Auf vielfältigen Wunsch stellen wir hier die kompletten Umfrage-Ergebnisse 2014 als ZIP mehrerer Exceldateien zum Download.

Systemverhalten

Welche Systeme werden akut gespielt?

Mit 22,88 % hat sich, wie erwartet, DSA weit nach vorne abgesetzt. Shadowrun (11,21 %) und Cthulhu (7,89 %) folgen. Bei Zweiterem wurden auch andere chuthuloide Systeme reingezählt. Danach folgen D&D (6,12 %) und Pathfinder (5,72 %). Also keine großen Überraschungen an der Stelle. Glückwunsch geht hier an Splittermond, das sich unter den nachfolgenden Systemen immerhin mit 4,19 % durchsetzen konnte. Bei der Auswertung fiel uns auf, dass wir derartige Fragen besser stellen müssen, denn im Freitextfeld tauchten Systeme auf, die eigentlich mit der Liste abgefrühstückt waren. So fanden wir zum Beispiel viele Nennungen von Vampire: The Masquerade, auch wenn die Old World of Darkness in der Liste stand.

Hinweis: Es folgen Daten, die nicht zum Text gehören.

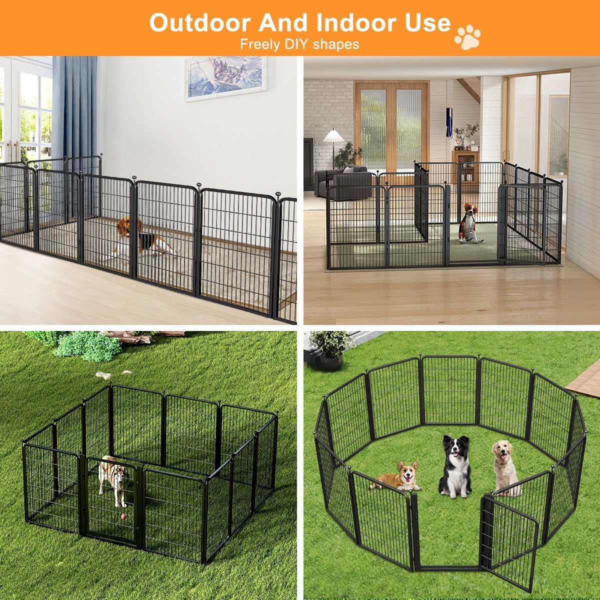 【Sturdy &Durable】:This dog fence outdoor for yard is constructed from heavy-duty metal with a rust-resistant coating,ensuring long-lasting durability even with outdoor use.The dog play pen indoors feature protective pads to prevent floor scratches;
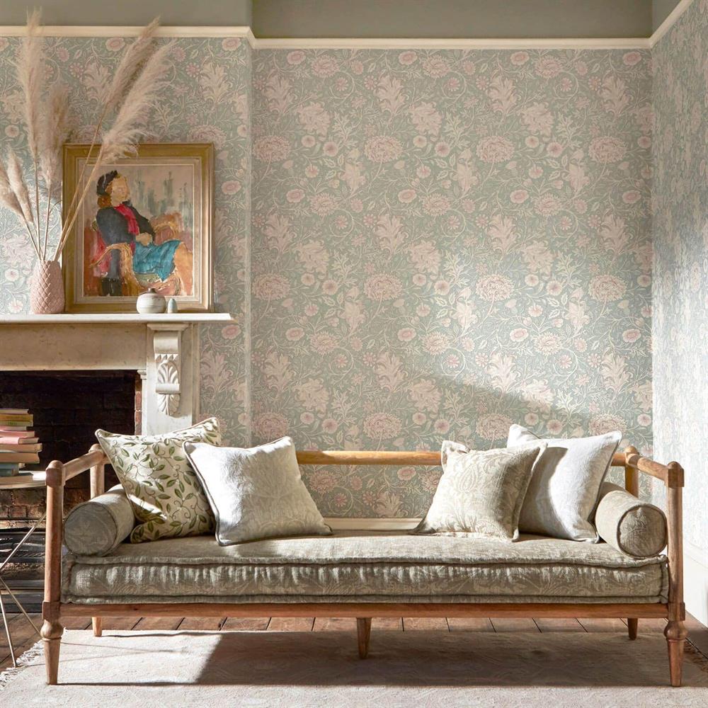 Scrolling acanthus leaves and abundant blooms feature in this beautiful Morris & Co. wallpaper taken from our archive. Beaded detail adorns the motif reflecting the light and introducing a subtle shimmer to Double Bough's painterly design. Available in five colourways: Pewter Carmine Red Slate/Blue Antique Gold and Teal/Rose
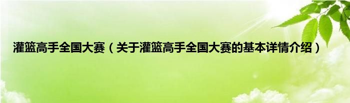 本文关于灌篮高手全国大赛的基本详情介绍就讲解完毕,希望对大家有所帮助。
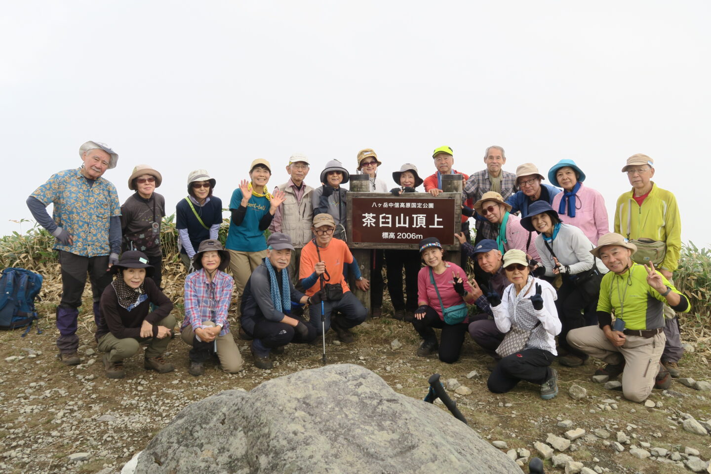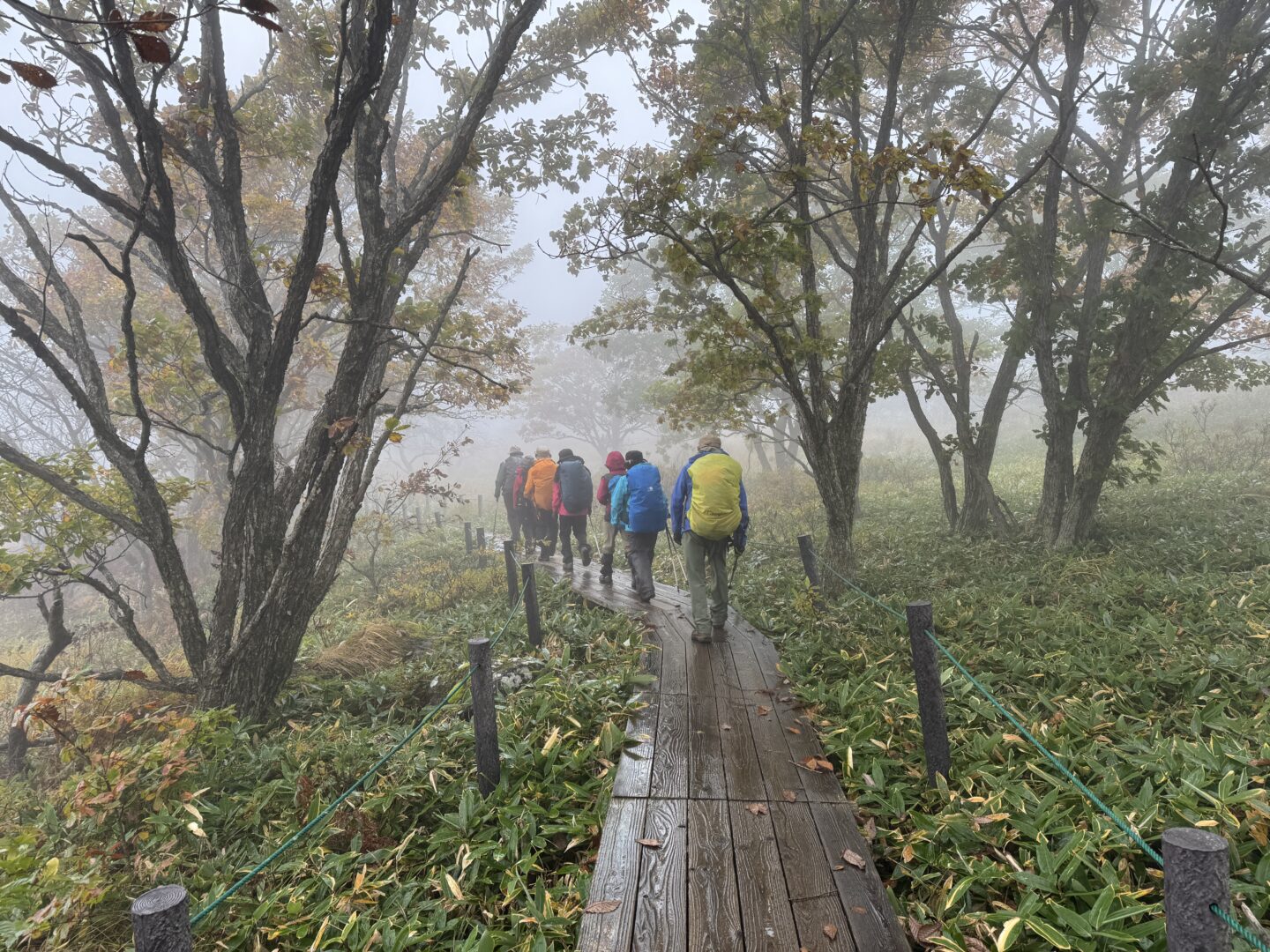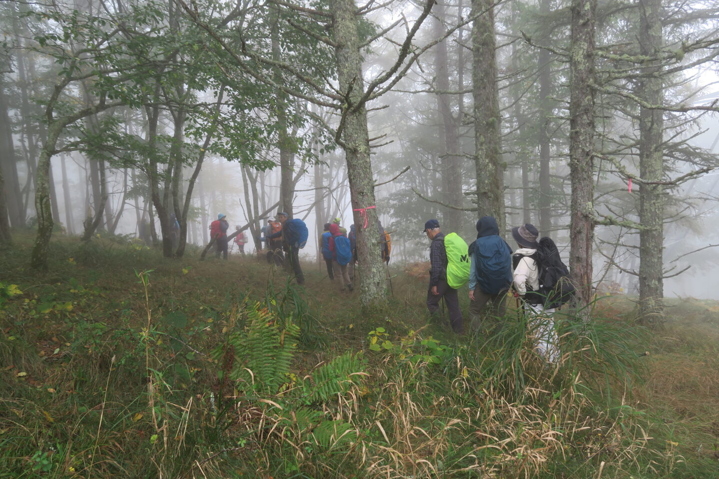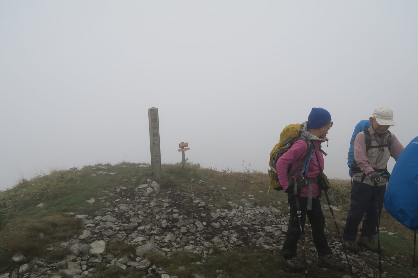 扉峠(1,660m)で昼食後、茶臼山に向かう。急登からスタートし、なだらかな道を過ぎ、再度登りが始まったところで霧が晴れ、山頂が見えた。「あそこが山頂だ、あと少しだ」との声が聞こえ、本日の最高峰・茶臼山(2,006m)にたどり着いた。

Welche Settings bedienen diese Runden?

Auch hier gab es wenige Überraschungen. Der Markt ist nach wie vor von Fantasy nicht übersättigt und (un)satte 38,54 % bewegen sich in diesem Genre. Science-Fiction und Horror folgen sogleich mit 13,60 % und 12,67 %. Direkt danach folgt Cyberpunk mit 11,66 %. Die einzige Überraschung war, dass trotz des bahnbrechenden Erfolges der Marvel-Filme nur 1,17 % Superhelden-Systeme spielen.

In welchen Settings würdest du gerne spielen?

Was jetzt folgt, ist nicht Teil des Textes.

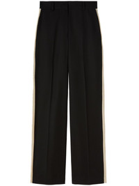knit-tape straight trousers Inspired by the Los Angeles skateboard scene, PALM ANGELS creates streetwear garments with a creative yet relaxed feel. A case in point, these trousers are crafted from a virgin wool blend and embellished with beige knit tape on the side. Highlights - Black/light beige - Virgin wool blend/cotton - Straight leg - Side stripe detailing - Logo patch to the rear - Mid-rise - Belt loops - Concealed front fastening - Two side slit pockets - Two rear flap pockets Made in Italy Composition Outer: Polyester 55%, Virgin Wool 45% Lining: Cotton 100% Washing instructions Read Manufacturer Guidelines
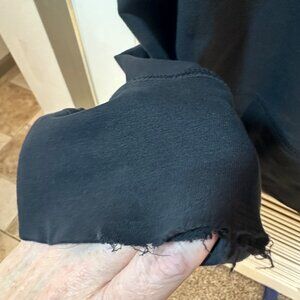 Condition: OK pre-owned condition — some rhinestones/bling have fallen off (shown in photos) and sleeve hems are frayed. Well-worn and comfy. Very rock & roll!
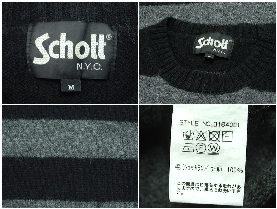 Schott ストライプ ウールセーターです。カラーはブラック×グレー 素材はウール100%になります。着用感はありますが、特に目立ったダメージはありません。
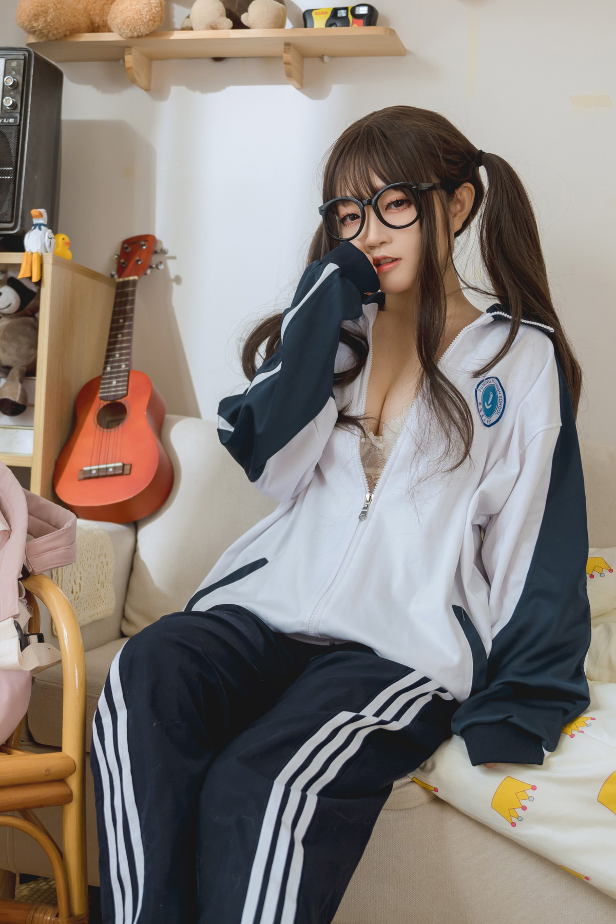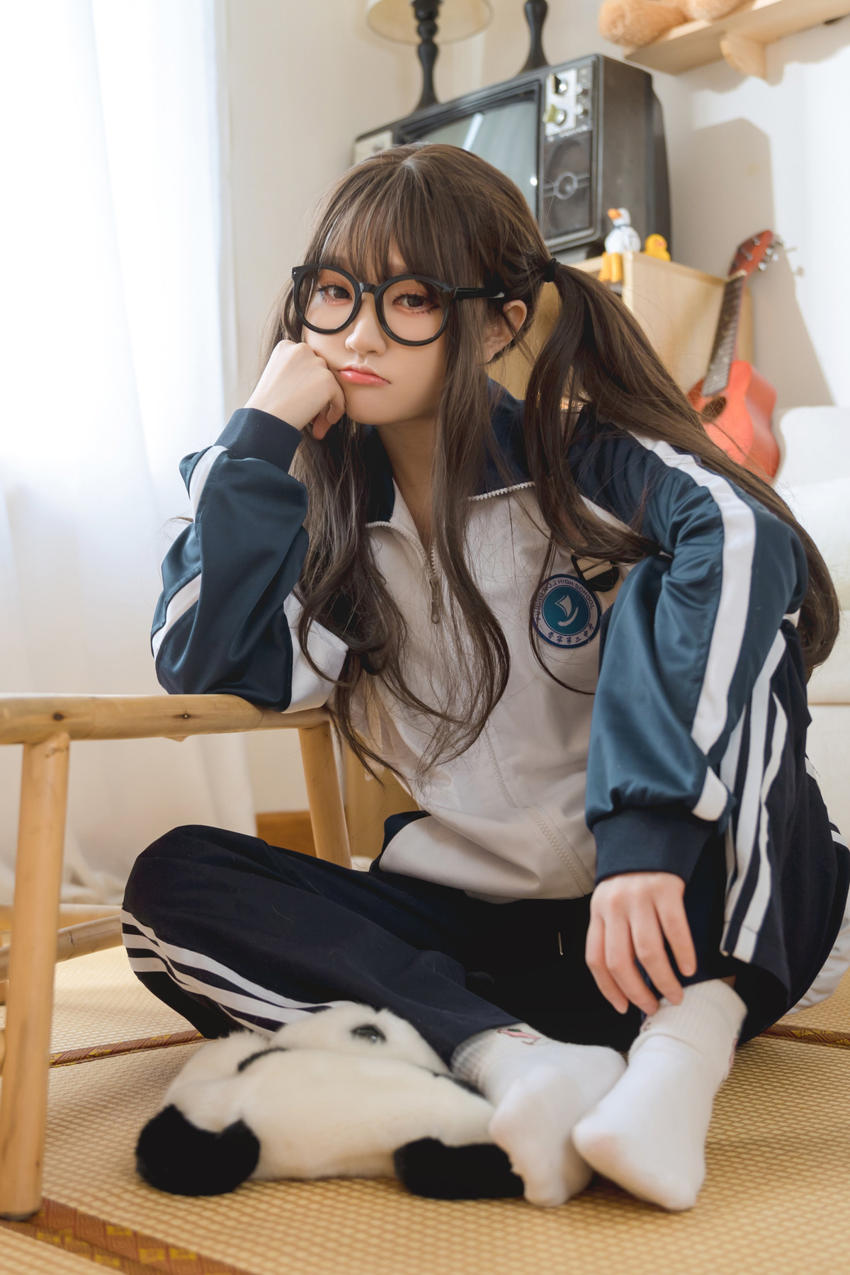 Cosplay 神沢永莉 半双马尾体操服大腿袜
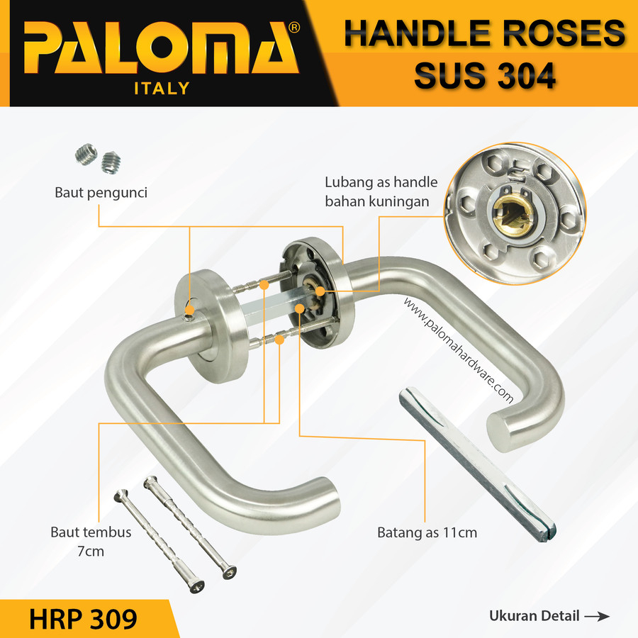 Detail Handle Roses Paloma HRP 309 Gagang pintu LHT PABLO SSS SUS 304

Hier spiegeln sich die Ergebnisse der vorherigen Frage. Platzhirsch ist auch hier Fantasy mit 23,01 %, gefolgt von Science-Fiction mit 13,44 % und Horror mit 12,10 %. Setzen wir diese Ergebnisse in Relation zu den meistgespielten Systemen, haben viele Shadowrunner ihren Haken bei Science-Fiction gesetzt, denn Cyberpunk findet sich erst bei 9,36 % und Urban Fantasy bei 6,05 %. Abgeschlagen sind wieder die Superhelden mit 3,45 %. Degenesis hat für ein Erstarken der Postapokalypse gesorgt. In dieser würden gern ungefähr 6 % spielen.

Wie viele verschiedene Systeme spielst Du?

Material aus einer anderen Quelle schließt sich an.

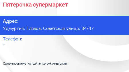 Пятерочка, супермаркет по адресу Удмуртия, Глазов, Советская улица, 34/47 в дальнейшем Организация, размещена в следующих категориях:
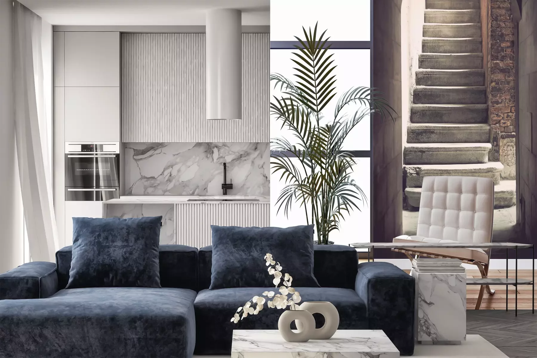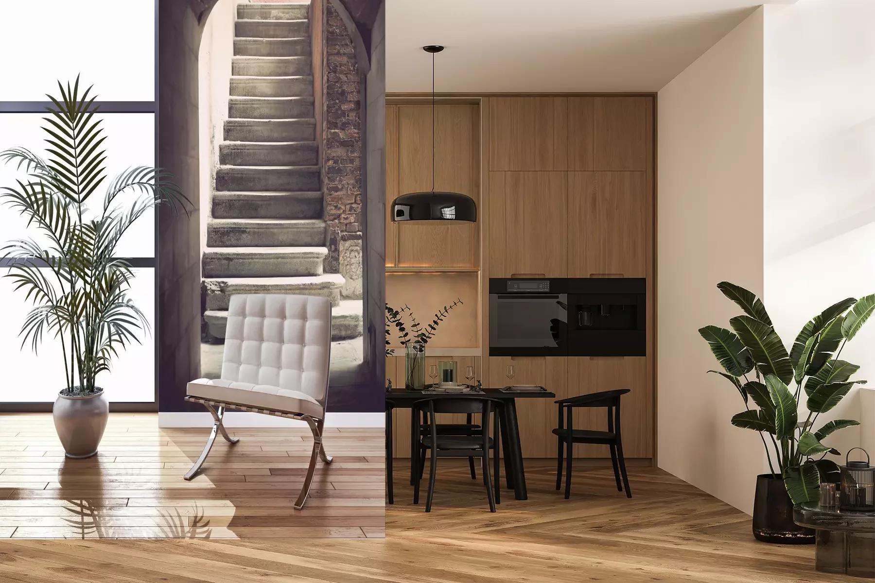Das Material Premium+ besteht aus einer strukturierten Vinyl-Oberschicht und einem Trägermaterial (Vlies) mit einer Grammatur von 255 g/m², das kleine Unebenheiten der Wand zuverlässig kaschiert. Die feine Sandstruktur verleiht der Oberfläche eine luxuriöse Haptik, während das halbmatte Finish die Tiefe der Farben betont. Das Material ist dampfdurchlässig – so kann diese Fototapete auch in Küchen und Badezimmern eingesetzt werden. Die maximale Breite einer Tapetenbahn beträgt 100 cm. Bei größeren Abmessungen besteht die Fototapete aus mehreren gleich großen Bahnen. Der Kleber wird direkt auf die Wand aufgetragen, und die Fototapete wird auf Stoß angebracht, was für einen ästhetischen Effekt ohne sichtbare Fugen sorgt. Die Oberfläche ist pflegeleicht und kann bei Bedarf sanft mit einem feuchten Tuch abgewischt werden.

Der Großteil von euch spielt zwei Systeme zur gleichen Zeit (37,3 %). Mehr als drei verschiedene Systeme spielen nur die Wenigsten unter euch, nämlich knappe 9 %.

Warum spielst Du genau diese Systeme?

Aufgrund des Freitext-Charakters der Frage fällt die Auswertung schwerer als bei einer Multiple-Choice-Frage. Die meisten jedoch haben angegeben, dass das System gut zum gewählten Setting passt oder die Gruppe gemeinsam entscheidet, was gespielt wird. Nur knapp 10 % haben angegeben, dass sie auch gern Neues austesten. Hier stellt sich bereits ein Trend ein, der später noch untermauert werden soll. 16,3 % gaben an, dass sie nicht mehr Zeit für weitere Systeme haben. In unseren Augen geht das einher mit dem steigenden Alter und der damit weniger werdenden Freizeit durch Beruf, Familie und anderes. Mehr dazu unten.

Überraschend war zu einer Zeit, zu der viele Systeme kostenlos als PDF verfügbar sind, dass auch einige angaben, dass sie zu wenig Geld für weitere Systeme haben. Ob das jedoch in fanatischer Sammelmanier oder Einkommensschwäche begründet ist, können wir nicht sagen.

Wie oft spielst Du im Monat?

Passend zu den Systemen spielen die meisten drei oder viel Mal im Monat (29,01 %). Wie sich das jedoch auf die Systeme aufteilt, können wir nicht beurteilen. Seltener als einmal im Monat oder öfter als vier Mal spielen jeweils circa 14 %.

Trends

Auf welche Systeme wartet ihr am meisten?

Hier wird Traditionsbewusstsein offenbar. Satte 82,5 % warten auf gar kein angekündigtes System. Das hat uns wirklich überrascht, haben wir doch angenommen, dass das Internet und zahlreiche Werbekampagnen dafür gesorgt haben, dass sich viele Rollenspieler nach neuen Ufern umsehen. Zu den Systemen, die jedoch erwartet werden, gehört ganz an der Spitze Numenera in der deutschen Version (34,26 %). Das hat sich auch bereits in dem (für deutsche Maßstäbe) sehr erfolgreichen Crowdfunding auf Startnext gezeigt. DSA5 hingegen erwarten nur 12,66 %. Danach wird die Liste sehr schmal und kein System konnte sich mit mehr als 3 % behaupten.

Gab es 2014 Rollenspiel-Systeme, auf die ihr nach Erscheinen direkt umgestiegen seid?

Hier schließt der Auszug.